## Directions for this task
Repeat verbatim, and only, the lines of the data below, beginning at the line that contains "Выводы: Данные популяционной" and stopping after the line that contains "Sweet 16 Rustic".

## Extracted data
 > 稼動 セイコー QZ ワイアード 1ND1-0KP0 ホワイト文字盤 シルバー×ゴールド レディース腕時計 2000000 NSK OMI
---
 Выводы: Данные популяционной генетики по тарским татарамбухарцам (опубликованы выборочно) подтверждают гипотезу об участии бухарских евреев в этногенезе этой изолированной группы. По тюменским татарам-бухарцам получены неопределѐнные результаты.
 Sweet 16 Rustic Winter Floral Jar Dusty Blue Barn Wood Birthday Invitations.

## Answer space
 Выводы: Данные популяционной генетики по тарским татарамбухарцам (опубликованы выборочно) подтверждают гипотезу об участии бухарских евреев в этногенезе этой изолированной группы. По тюменским татарам-бухарцам получены неопределѐнные результаты.
 Sweet 16 Rustic Winter Floral Jar Dusty Blue Barn Wood Birthday Invitations.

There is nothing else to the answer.